Chartered tax accountant

Taxation accountants are concerned with interpreting and explaining taxation legislation to a wide variety of clients. Changes in the annual Budget and recent court decisions mean that tax law is constantly evolving. Chartered tax accountants must therefore keep abreast of legislative developments and continually review their technical knowledge in order to advise clients of efficient tax compliance, and in order to understand the implications of financial actions.

Work Activities

Typical activities include:

  • calculating, preparing and submitting accounts and tax returns;
  • undertaking accounts administration, including auditing financial information;
  • calculating and legally minimising tax liabilities;
  • advising about business plans, mergers, take-overs and investment opportunities;
  • liaising with HMRC.

Training contracts normally encourage graduates to specialise in a particular branch of tax, such as corporate, international, personal or indirect tax. Specialisation in tax issues as they apply to a particular industry is also common. It is equally possible to develop a niche area of expertise, or to operate in a wider range of specialist areas of tax.

The role is predominantly office based, and can involve much contact with clients and colleagues. Hours tend to be regular, although longer hours may be required at peak times and can be particularly demanding in the run up to 31 January, the annual deadline for filing tax returns.

Training contracts are available annually, with large organisations such as the HMRC and the 'Big Four', down to smaller private firms. Competition for these is strong, but early applications, relevant research and previous experience can help to secure a place. Vacancies are advertised by careers services, recruitment agencies and in national newspapers such as The Financial Times, and specialist publications such as TARGETjobs City & Finance, Accountancy, Accountancy Age, Taxation and Tax Practitioner. The professional institutes also regularly produce lists of vacancies.

Personal Qualities and Skills

Key skills for chartered tax accountants

While numerical and analytical skills are crucial, the role demands a high level of responsibility and reflection. The ability to communicate well is also vital. The following traits are highly valued:

  • The ability to interpret and clearly explain complex issues;
  • The ability to conduct and accurately interpret research;
  • Integrity;
  • Diplomacy;
  • Problem solving skills;
  • Self-confidence;
  • Interpersonal skills;
  • Excellent written, verbal and presentation skills;
  • Good memory;
  • Responsibility;
  • The ability to work in a team;
  • Adaptability.

Pay And Opportunities

Typical employers of chartered tax accountants

Tax has an effect on every member and area of society, and consequently it is possible to work within almost any sphere of personal interest. Self-employment is a very feasible option, while many organisations employ in-house tax specialists. Typical employers include:

  • Firms of accountants
  • Firms of solicitors
  • Boutique tax and accountancy firms
  • Clearing banks
  • Professional services firms
  • Private consultancies
  • Government organisations
  • Charities
  • Educational establishments
  • Commercial/industrial organisations.


Qualifications and training required

Graduates from any background can train as taxation accountants, although all applicants should have an excellent record of academic achievement. Typical requirements include five GCSEs (grades A-C, with maths and English being essential), 220 UCAS points at A level, and a strong honours degree (2.2 or above). Be aware, however, that employers may ask for a higher UCAS score and degree classification. Previous experience is unnecessary, although formal vacation courses, workshops and placements can give a useful insight into the profession and reflect well upon applicants' knowledge and motivation to enter the sector. Previous academic study and qualifications in accounting, financial and legal areas may earn exemptions from formal CTA qualification (see below).

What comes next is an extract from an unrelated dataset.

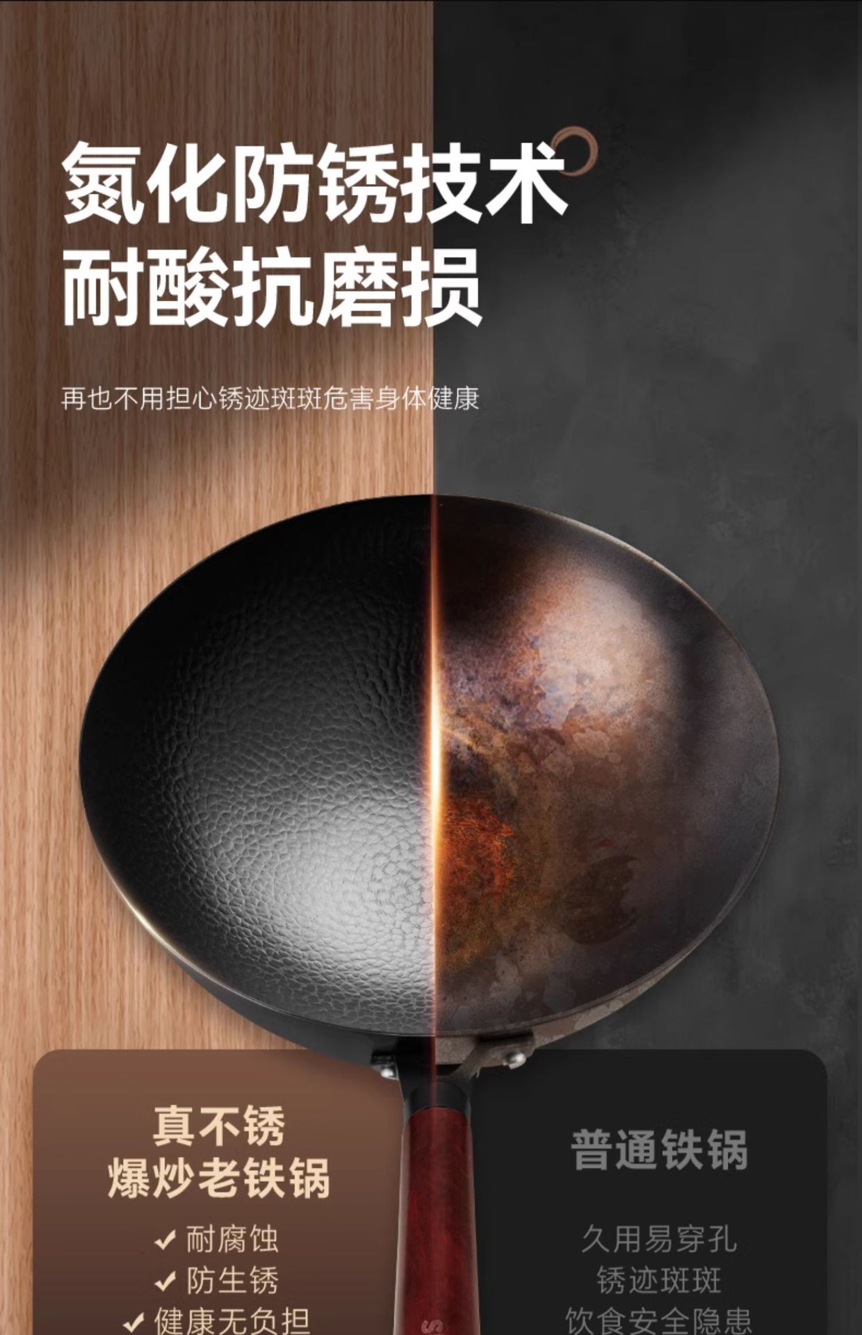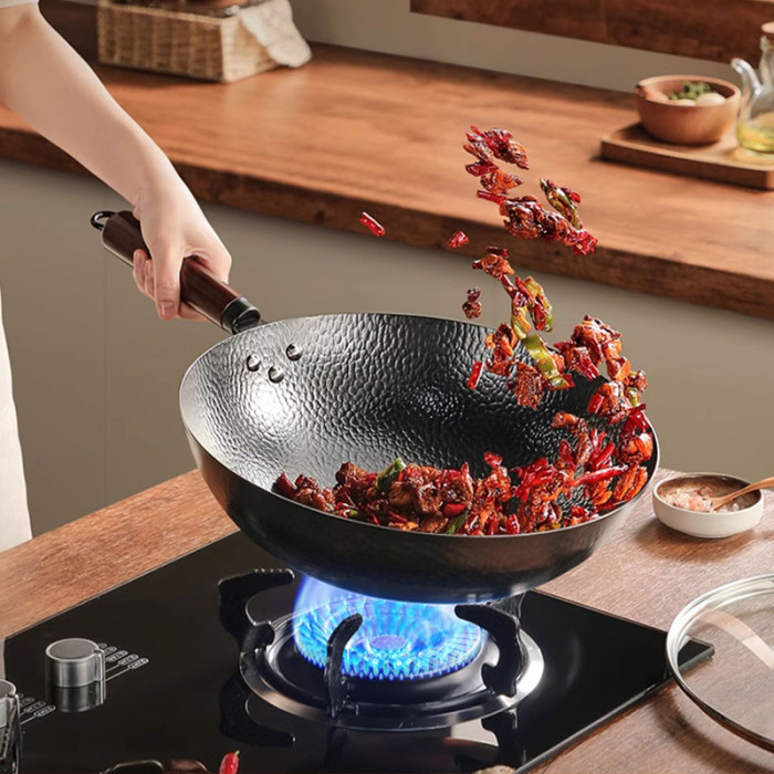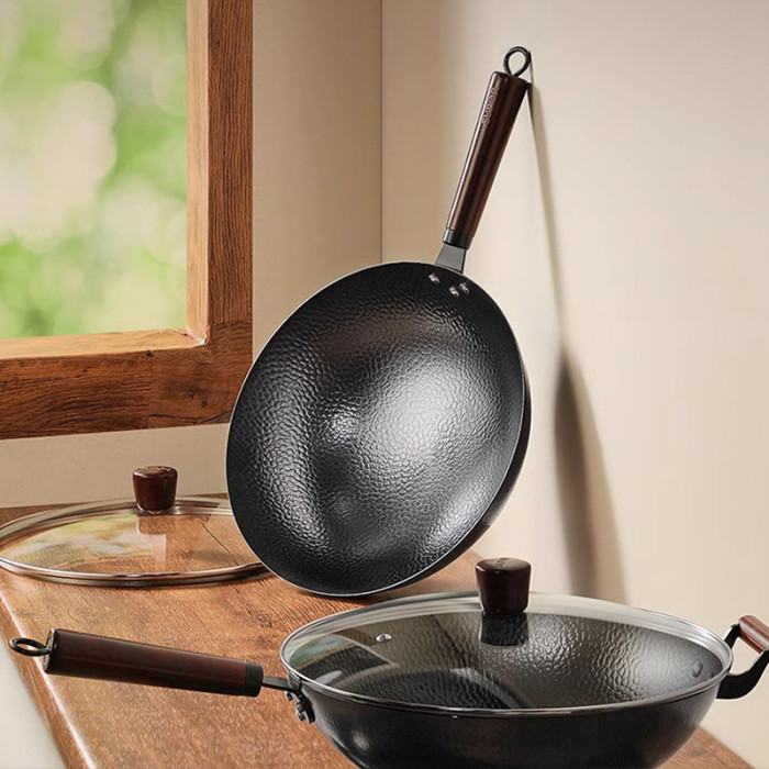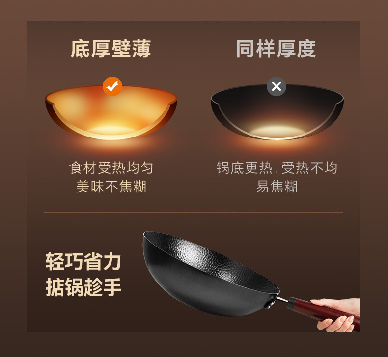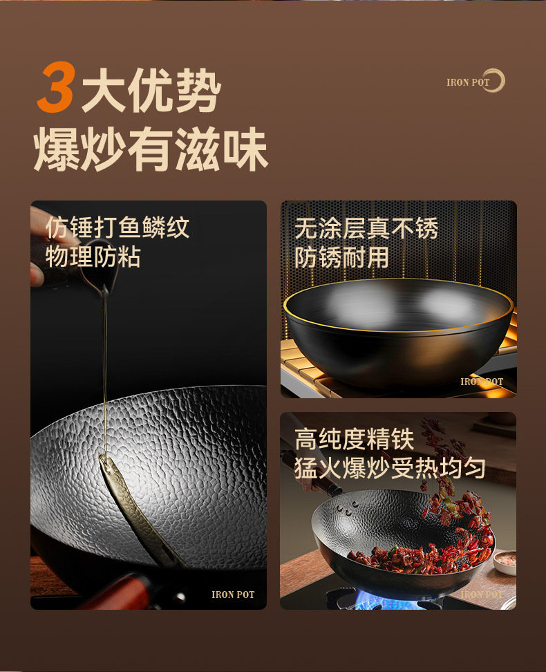 蘇泊爾鐵鍋無塗層圓底鎚紋炒菜鍋純精鐵不沾鍋瓦斯爐通用2024新款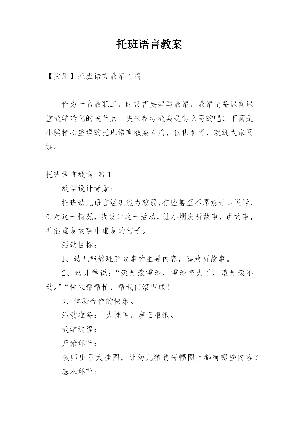 托班语言教案【实用】托班语言教案4篇作为一名教职工,时常需要编写教案,教案是备课向课堂教学转化的关节点。快来参考教案是怎么写的吧!下面是小编精心整理的托班语言教案4篇,仅供参考,欢迎大家阅读。托班语言教案篇1教学设计背景:托班幼儿语言组织能力较弱,有些甚至不愿意开口说话,针对这一情况,我设计这一活动,让小朋友听故事,讲故事,并能重复故事中重复的句子。活动目标:1、幼儿能够理解故事的主要内容,喜欢听故事。2、幼儿学说:“滚呀滚雪球,雪球变大了,滚呀滚不动。”“快来帮帮忙,帮我们滚雪球!3、体验合作的快乐。活

Chartered tax accountants in the UK tend to train toward qualification as a chartered tax adviser (CTA), as recognised by the Chartered Institute of Taxation (CIOT). This typically involves 12 months or more of study toward professional exams and a relevant work experience requirement, after which point CTA students may apply for membership of CIOT. CTA qualification and subsequent CIOT membership indicates the highest level of expertise in UK tax, and carries a level of prestige that is recognised with excellent prospects for progression and remuneration. Membership is maintained by achieving a minimum of 90 hours of continuing professional development (CPD) each year.

Graduates attain eligibility to take the CTA qualification through academic and professional study. The most common routes are either through achieving membership of the Association of Taxation Technicians (ATT), or qualification as a chartered accountant with a professional body such as ICAEW or ICAS. The former requires two years of relevant professional experience, while the latter requires three years and is a particularly useful route for graduates who wish to work in corporate tax. Graduates who have qualified as a solicitor, barrister or advocate may also train for the CTA qualification. Qualification as an Associate of the Institute of Indirect Taxation (AIIT) is an alternative and also highly regarded route. The Advanced Diploma in International Taxation (ADIT) is another alternative prerequisite for CTA study, but can also be a useful further qualification for CTAs wishing to work internationally and in corporate tax.